Amit Kapila <amit.kapila16@gmail.com> writes:
> On Wed, May 4, 2016 at 4:02 PM, Alex Ignatov <a.ignatov@postgrespro.ru>
> wrote:
>> On 03.05.2016 2:17, Tom Lane wrote:
>>> Writing a single sector ought to be atomic too.
>> pg_control is 8k long(i think it is legth of one page in default PG
>> compile settings).
> The actual data written is always sizeof(ControlFileData) which should be
> less than one sector.
Yes. We don't care what happens to the rest of the file as long as the
first sector's worth is updated atomically. See the comments for
PG_CONTROL_SIZE and the code in ReadControlFile/WriteControlFile.
We could change to a different PG_CONTROL_SIZE pretty easily, and there's
certainly room to argue that reducing it to 512 or 1024 would be more
efficient. I think the motivation for setting it at 8K was basically
"we're already assuming that 8K writes are efficient, so let's assume
it here too". But since the file is only written once per checkpoint,
efficiency is not really a key selling point anyway.

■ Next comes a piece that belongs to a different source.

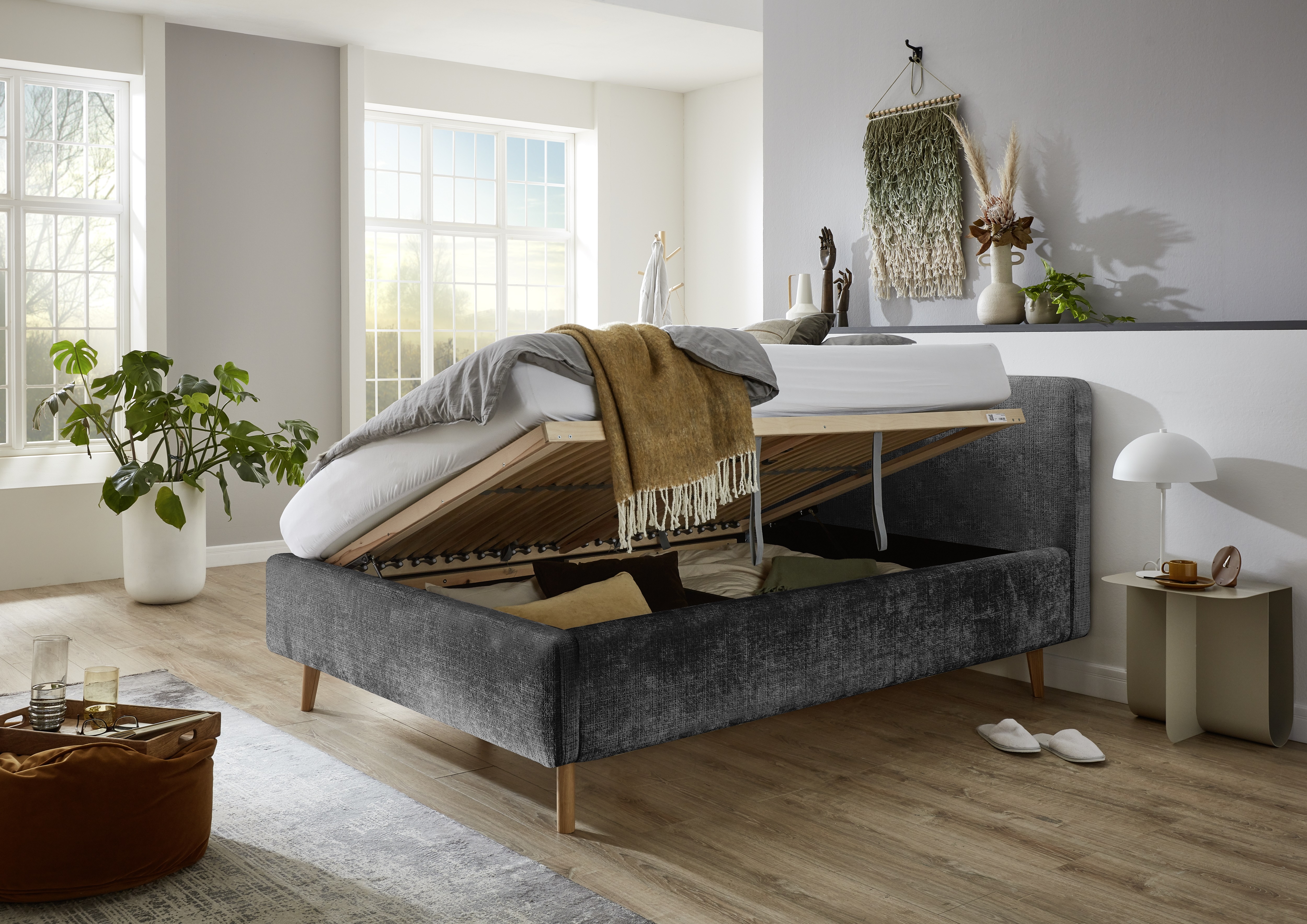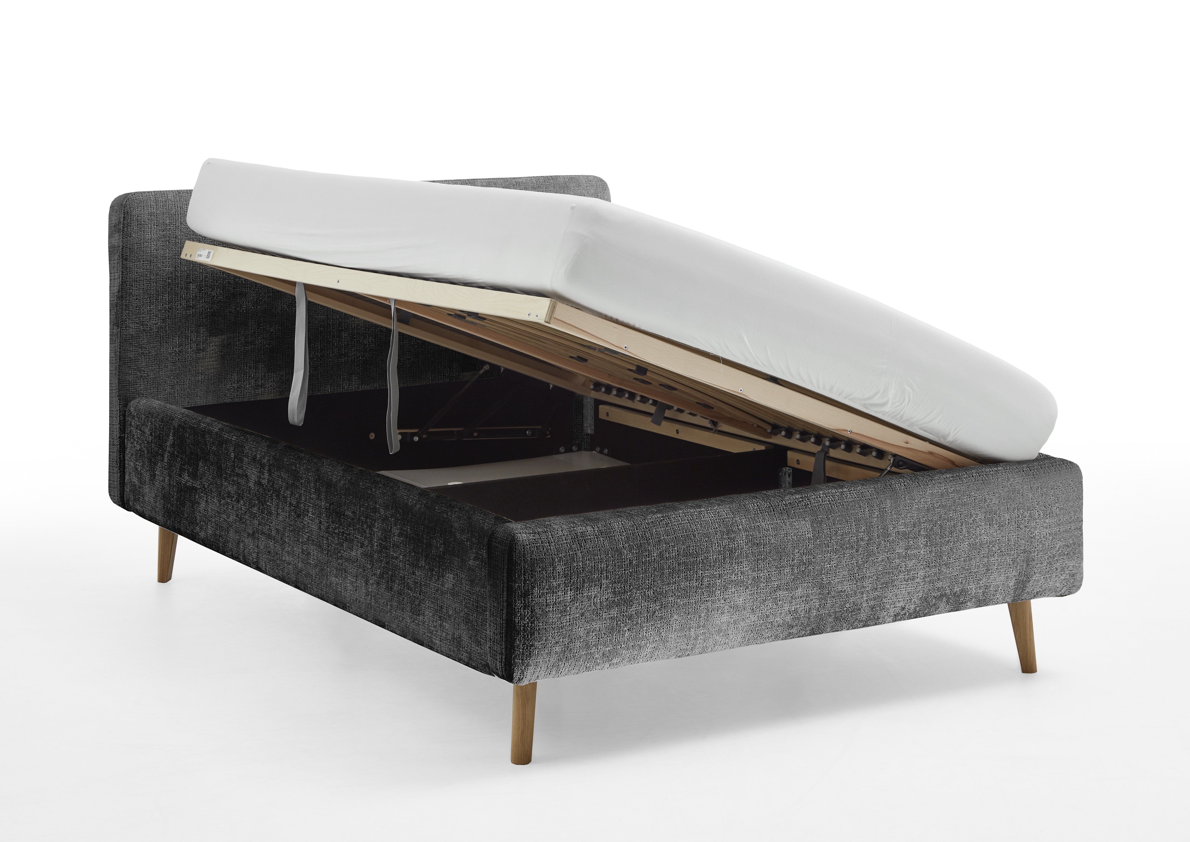 inclus : un coffre de lit avec aération et sommier à lattes en bois multiplis avec ouverture latérale
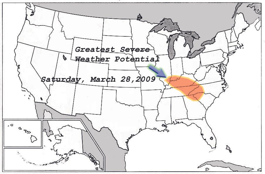 Perhaps I should post a map of where I think the highest threat for severe weather exists today…….

If you could make
an argument that some other size would reduce the risk of failures,
it would be interesting --- but I suspect any such argument would be
very dependent on the quirks of a specific file system.
One point worth considering is that on most file systems, rewriting
a fraction of a page is *less* efficient than rewriting a full page,
because the kernel first has to read in the old contents to fill
the disk buffer it's going to partially overwrite with new data.
This motivates against trying to reduce the write size too much.
regards, tom lane